DATA EXCERPTS:
= = =

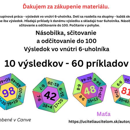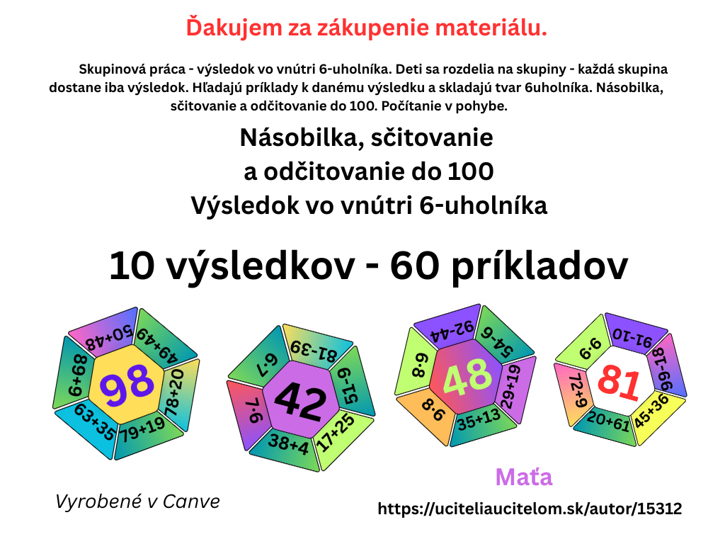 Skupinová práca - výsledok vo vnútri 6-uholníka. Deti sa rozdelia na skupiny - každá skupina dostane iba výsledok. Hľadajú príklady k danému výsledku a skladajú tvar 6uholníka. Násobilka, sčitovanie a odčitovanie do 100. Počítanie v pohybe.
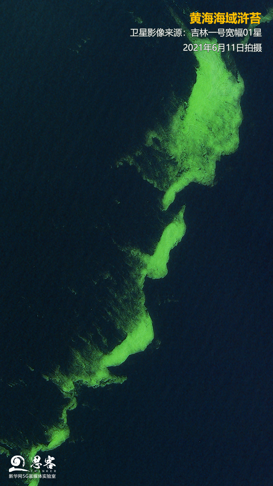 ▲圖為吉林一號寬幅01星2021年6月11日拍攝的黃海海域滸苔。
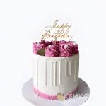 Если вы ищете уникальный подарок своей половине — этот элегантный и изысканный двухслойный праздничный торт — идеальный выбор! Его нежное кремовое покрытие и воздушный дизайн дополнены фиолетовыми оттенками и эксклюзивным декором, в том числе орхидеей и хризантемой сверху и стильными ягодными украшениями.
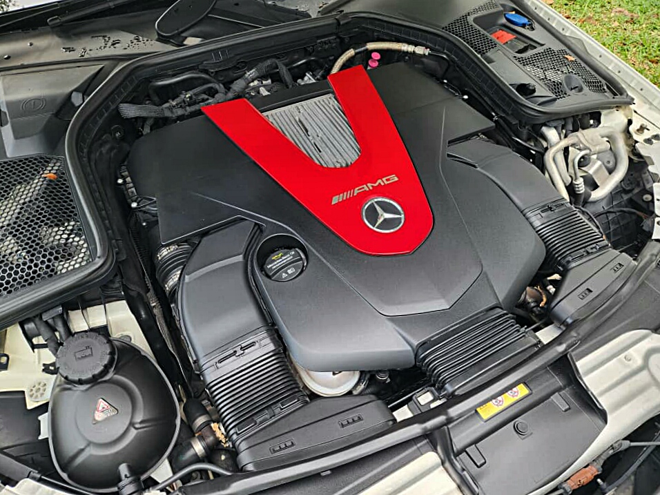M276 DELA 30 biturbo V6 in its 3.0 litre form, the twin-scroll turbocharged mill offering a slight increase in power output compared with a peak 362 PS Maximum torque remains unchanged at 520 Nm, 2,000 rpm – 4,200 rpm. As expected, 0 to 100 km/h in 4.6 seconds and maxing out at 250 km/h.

= = =

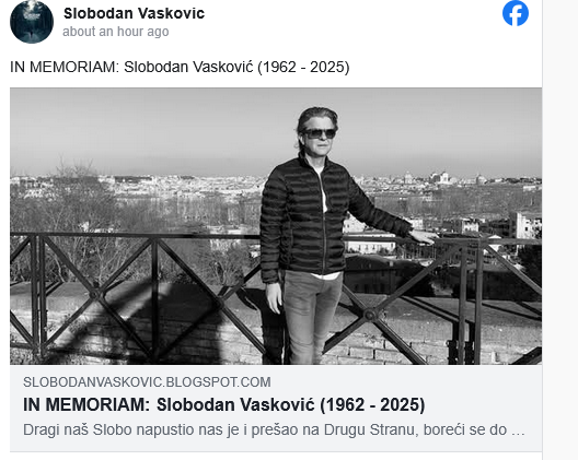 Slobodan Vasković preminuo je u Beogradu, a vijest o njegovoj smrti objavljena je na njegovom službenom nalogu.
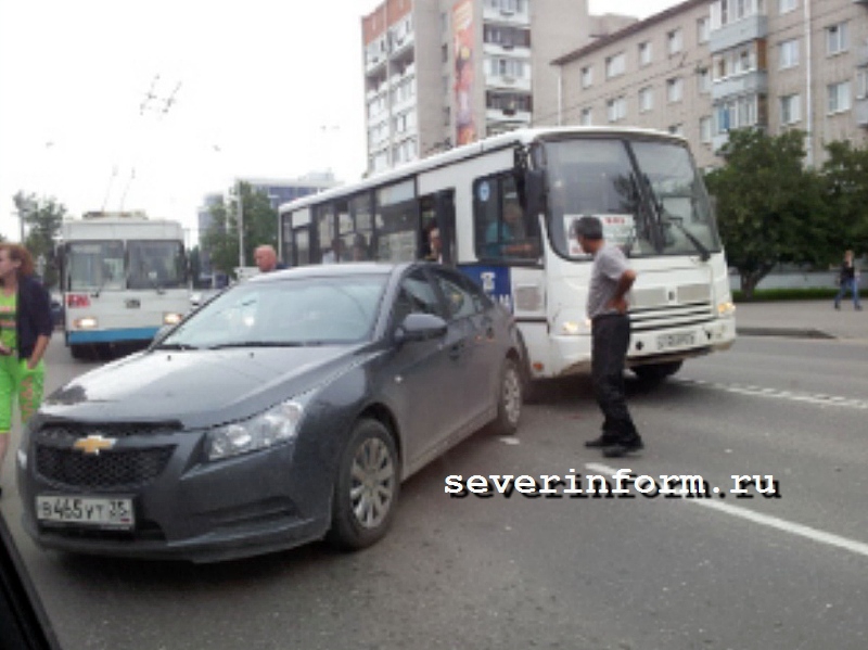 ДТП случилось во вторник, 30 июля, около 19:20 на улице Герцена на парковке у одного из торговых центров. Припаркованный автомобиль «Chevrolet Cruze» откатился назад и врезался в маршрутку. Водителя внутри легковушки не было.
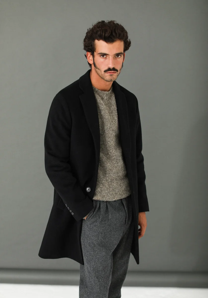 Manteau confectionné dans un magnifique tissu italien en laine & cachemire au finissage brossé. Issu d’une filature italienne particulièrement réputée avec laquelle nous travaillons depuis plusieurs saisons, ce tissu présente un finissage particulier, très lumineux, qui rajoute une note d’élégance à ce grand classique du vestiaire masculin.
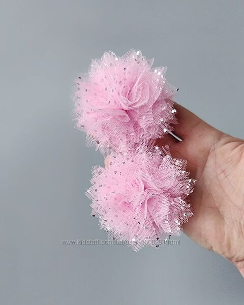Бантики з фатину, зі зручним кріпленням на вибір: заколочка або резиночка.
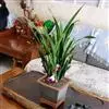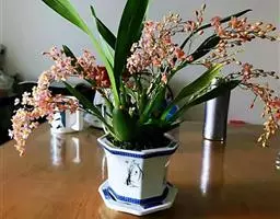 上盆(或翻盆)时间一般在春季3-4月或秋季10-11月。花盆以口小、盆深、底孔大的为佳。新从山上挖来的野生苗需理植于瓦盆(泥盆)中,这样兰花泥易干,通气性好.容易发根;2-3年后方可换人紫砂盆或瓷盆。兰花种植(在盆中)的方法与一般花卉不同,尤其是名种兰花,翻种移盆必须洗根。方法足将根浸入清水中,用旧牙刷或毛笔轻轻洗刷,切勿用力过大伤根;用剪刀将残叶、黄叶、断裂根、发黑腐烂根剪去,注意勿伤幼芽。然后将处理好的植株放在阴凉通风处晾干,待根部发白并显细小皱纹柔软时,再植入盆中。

= = =

WHAT THE TASK REQUIRES:
Reproduce the entries exactly, from the line with "Manteau confectionné dans" to the line with "上盆(或翻盆)时间一般在春季", both lines included, keeping no pictures.

TASK RESPONSE:
 Manteau confectionné dans un magnifique tissu italien en laine & cachemire au finissage brossé. Issu d’une filature italienne particulièrement réputée avec laquelle nous travaillons depuis plusieurs saisons, ce tissu présente un finissage particulier, très lumineux, qui rajoute une note d’élégance à ce grand classique du vestiaire masculin.
Бантики з фатину, зі зручним кріпленням на вибір: заколочка або резиночка.
 上盆(或翻盆)时间一般在春季3-4月或秋季10-11月。花盆以口小、盆深、底孔大的为佳。新从山上挖来的野生苗需理植于瓦盆(泥盆)中,这样兰花泥易干,通气性好.容易发根;2-3年后方可换人紫砂盆或瓷盆。兰花种植(在盆中)的方法与一般花卉不同,尤其是名种兰花,翻种移盆必须洗根。方法足将根浸入清水中,用旧牙刷或毛笔轻轻洗刷,切勿用力过大伤根;用剪刀将残叶、黄叶、断裂根、发黑腐烂根剪去,注意勿伤幼芽。然后将处理好的植株放在阴凉通风处晾干,待根部发白并显细小皱纹柔软时,再植入盆中。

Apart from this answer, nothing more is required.